Oczywiście nie w sprawie drutu i baterii R-14. Polska jest dużym krajem i jako taki jest w orbicie zainteresowania wszystkich liczących się służb na świecie. A służby te widzą i wiedzą dużo na temat metod dezinformacji. Konferencja prasowa o niedoszłym zamachowcy z Krakowa jest tego doskonałym przykładem. Niepozorny pracownik wyższej uczelni, reklamujący w sieci swoje eksperymenty wybuchowe od wielu lat, praktycznie z niczym się niekryjący, dochodzi w końcu do wniosku, że wysadzi to wszystko w powietrze, a że ma niezłe pojęcie o tym, jak można to zrobić, wpada (przez małżonkę (?)) w sidła ABW. Nie wiemy tylko, kiedy wpadł na ten szalony i zbrodniczy pomysł.

Wszystko zostało przez prokuraturę i ABW tak podane, że budzi jedynie powszechną konsternację albo wręcz rozbawienie, co nie jest chyba normalne, gdy państwu grozi śmiertelne niebezpieczeństwo. Coś, co powinno budzić naszą obawę, strach, niepokój, troskę, protest, powagę, niesie za sobą śmiech i lekceważenie, wręcz niewiarę, że to się mogło wydarzyć. A przecież mogło.

Dwa mainstreamowe portale, z których jeden zamienia się wieczorem w poradnik seksualny, trąbią od wtorkowego wieczora o wielkim zainteresowaniu sprawą Brunona K. w Europie, co wynika jakoby z wypowiedzi ministra spraw wewnętrznych Jacka Cichockiego, o której za chwilę. No jest to wyjątkowy i szczególny przypadek potencjalnego zamachowca, który tworzy grupę zbrojną składającą się głównie z samych agentów ABW pod przykryciem.

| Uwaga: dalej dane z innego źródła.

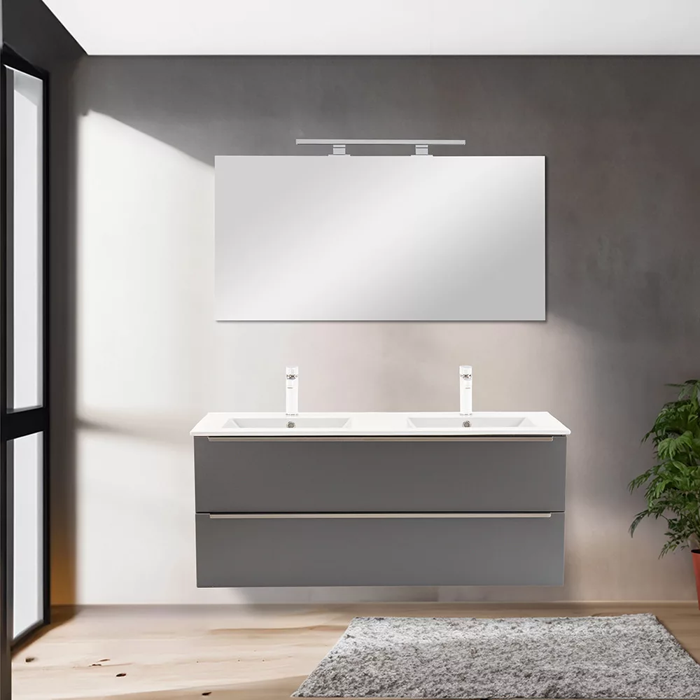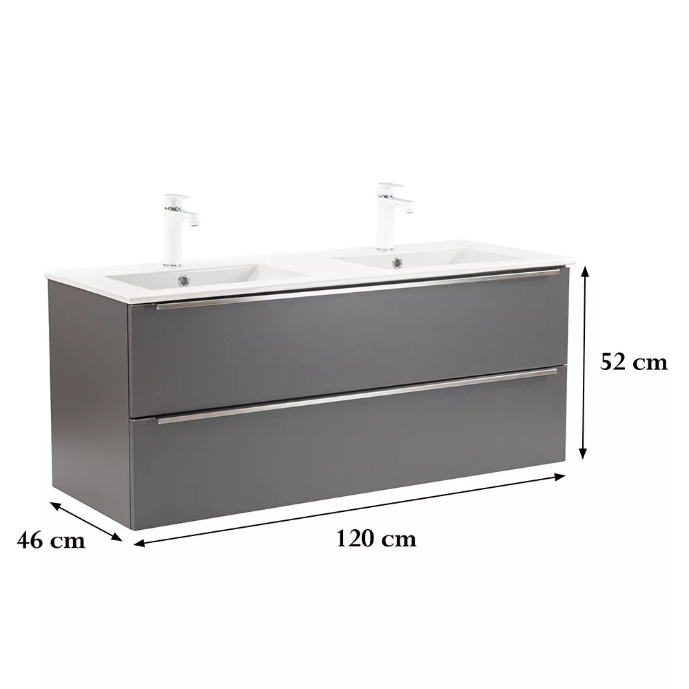 Das komplette Badmöbel Vario Trim 120 ist eine stilvolle und praktische Wahl für moderne Bäder. Dank seiner kompakten Abmessungen eignet er sich ideal für kleine bis mittelgroße Bäder. Das Griffprofil aus Metall sorgt für einen Patina-Effekt, während das anthrazit-anthrazitfarbene Design dem Raum einen eleganten Look verleiht. Der gedämpfte Schubladenverschluss und das hängende Design sorgen für Komfort und einfache Reinigung, während die hochwertigen Materialien eine lange Lebensdauer garantieren.
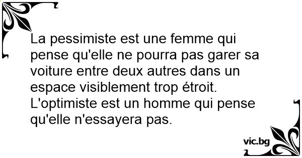 La pessimiste est une femme qui pense qu'elle ne pourra pas garer sa voiture entre deux autres dans un espace visiblement trop étroit. L'optimiste est un homme qui pense qu'elle n'essayera pas.

Do pracy samych agentów nie można tu mieć zastrzeżeń, bo licho nie śpi. Może podejrzany chciał dokonać jakiegoś strasznego czynu, może zwerbował do niego nieznanych nam osobników, pałających, tak jak on, nienawiścią do całego systemu władzy w Polsce.

Europejskie media oczywiście milczą w tej sprawie, a jeśli już wspominają, to na szarym końcu swoich internetowych serwisów, tak jak „Die Welt”. Niemiecka gazeta donosi o kilku polskich nacjonalistach planujących zamach na gmach parlamentu. Czyli wiedzą jednak coś więcej od nas, bo u nas mówi się na razie o jednym nacjonaliście, czyli o Brunonie K. Chyba nie mają na myśli polskich agentów jako nacjonalistów. W innej niemieckiej gazecie „Die Zeit” o udaremnionym zamachu nie ma ani słowa, podobnie w prasie francuskiej.

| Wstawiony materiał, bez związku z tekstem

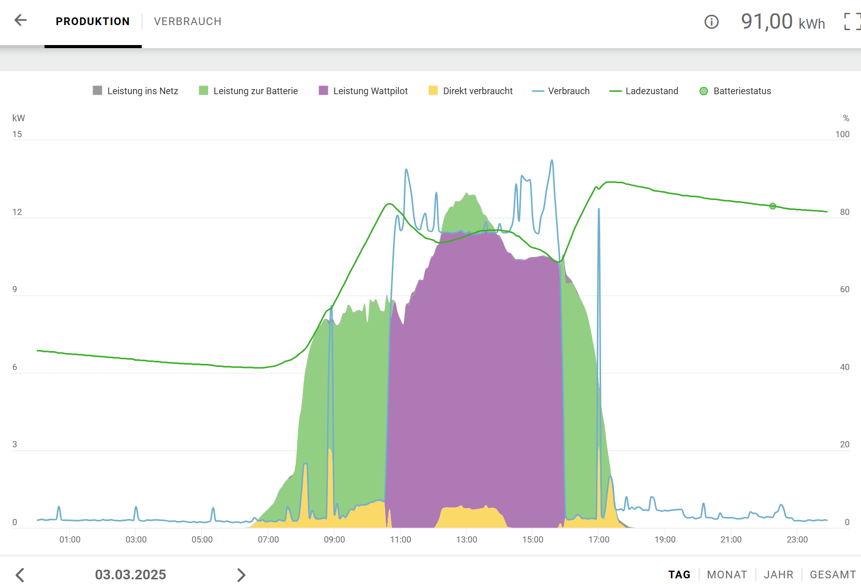 Überschusseinspeisung geht recht gut und einfach. Beispiel: Anfang März. 91 kWh Produktion und eAuto von auf 100% geladen, für die Hausbatterie blieben auch noch 22 kWh über. Ins Netz gingen 0,5 kWh. PS: Die Produktionskurve ist noch suboptimal, da ein großer Baum neben meinem Dach steht, der erst im April einen schönen Kronenschnitt bekommt. Daher fehlen derzeit ca. 30% Ertrag. Sonst wären es 120 kWh gewesen und auch die Hausbatterie wäre voll geworden. Ach ja: Auf meinem 45 Grad Ost/Westdach (gleiche Ausrichtung wie bei dir) sind 3 Schornsteine und 3 Gaupenfenster, die das Fronius Schattenmanagement sehr gut managed. Trotz Baum, Schornsteine und Gaupen kamen gestern bereits 21 kW aus den beiden Gen24 SC 12.0 Wechselrichter. |
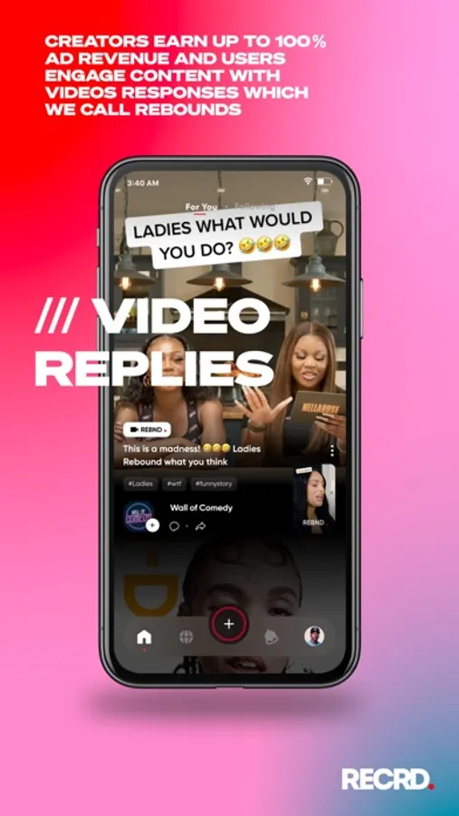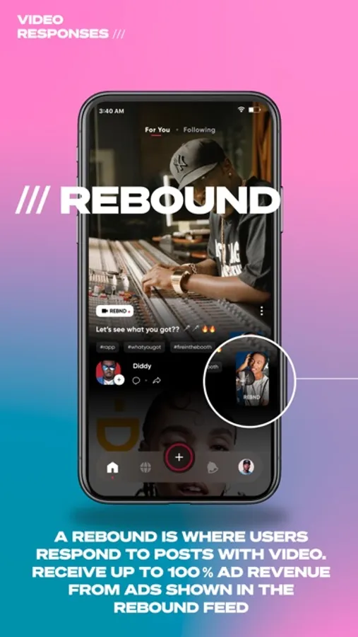 A video platform where creators earn up to 100% ad revenue and users engage content with video responses we call rebounds

Ogromne zainteresowanie naszym przypadkiem jednak jest - mówi Jacek Cichocki, a konkretnie wychodzi ono od szefów służb innych krajów Unii Europejskiej. Dlatego nasz minister na sesji szefów MSW sześciu największych krajów UE (G-6), oraz przedstawicieli USA w Londynie, poinformuje, jak rozumiem, o wynikach operacji ABW. Kiedy pokaże ministrom spraw wewnętrznych wstrząsające zdjęcia różnych sprzętów, jakie gromadził wykładowca akademicki z Krakowa, padną z wrażenia. Te wszystkie kable, słoiki po kawie rozpuszczalnej, baterie R-14, dziurkacz, hełmy, śrubki, to z pewnością budzi grozę.

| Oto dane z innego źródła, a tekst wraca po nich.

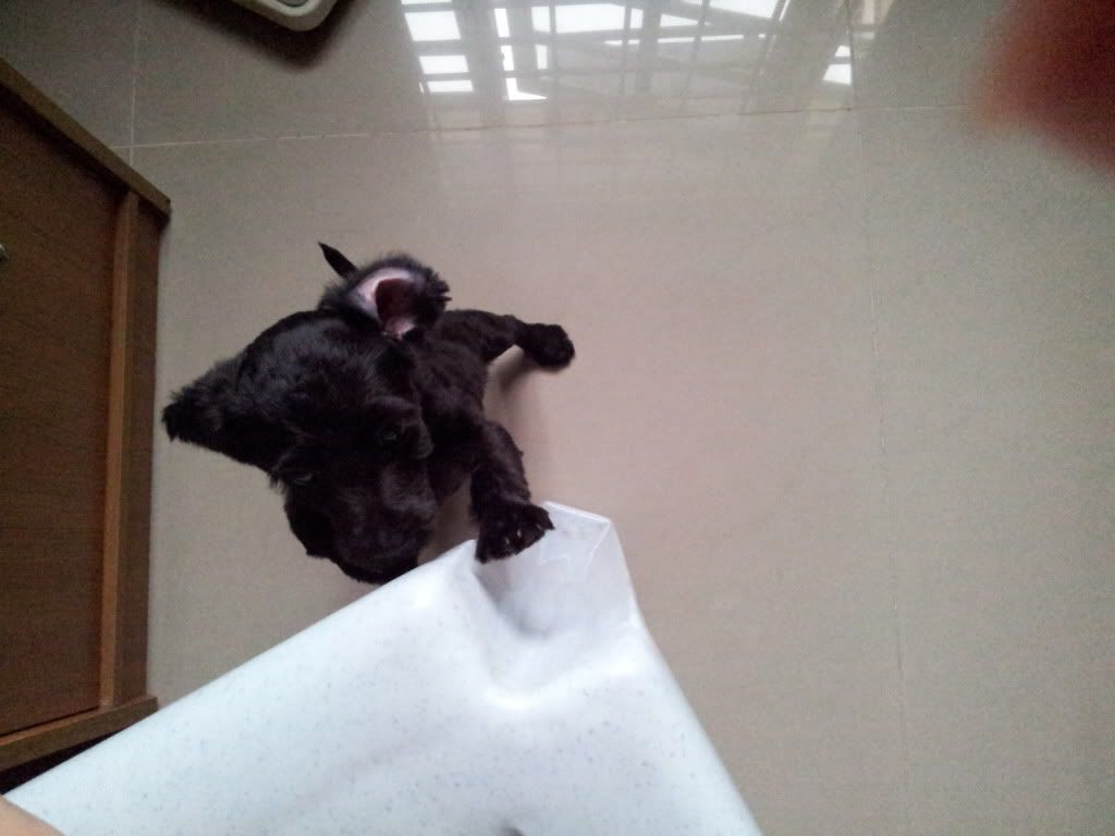 我的coffee小的时候就在笼子大小便,现在他大了就不在笼子小便了,大便也是。我搬家后他算在我不在是放他在我房里自由跑动,少关笼子,要train他喜欢笼子,狗狗又不会在自己的笼子大小便 (除非狗狗不常关笼子,那他就慢慢的把笼子当厕所了),所以我就买了尿盆咯。新买的笼子是两尺而已,主要是想让coffee把它当家,在我不在是给他安全感,而不是现在关着他的‘笼子’。讲就厉害而已.

Myliłby się jednak ten, kto sądzi, że w tym wszystkim nie ma jakiejś logiki, że to działania bez sensu. W Smoleńsku nie było zamachu, a jeśli był nawet, to nic nie możemy, nic nie wiemy – taki jest prawdziwy przekaz płynący z różnych ośrodków władzy od kilku miesięcy, a nie, że zamachu na pewno nie było. Nie, nieprawda, zamachu na pewno nie było – powtarzają w ostatnich dniach różne autorytety i jeden z biskupów. Stoimy u progu faszyzacji – twierdzi lewica.

Policjanci w kominiarkach robią za prowokatorów na Marszu Niepodległości, no i co z tego? Jakiś facet w otoczeniu agentów służb miał wjechać w pobliże Sejmu z czterotonowym ładunkiem wybuchowym, ale państwo zdało egzamin i niedoszły zamachowiec siedzi. Trwa od kilku tygodni totalne zamieszanie i manipulowanie opinią publiczną w Polsce w jakimś konkretnym celu. I ten cel nie ma na pewno twarzy Brunona K.

Jaki jest ten cel? Nie wiem, na pewno nie jest to cel zgodny z interesem Polski, z nasza racja stanu.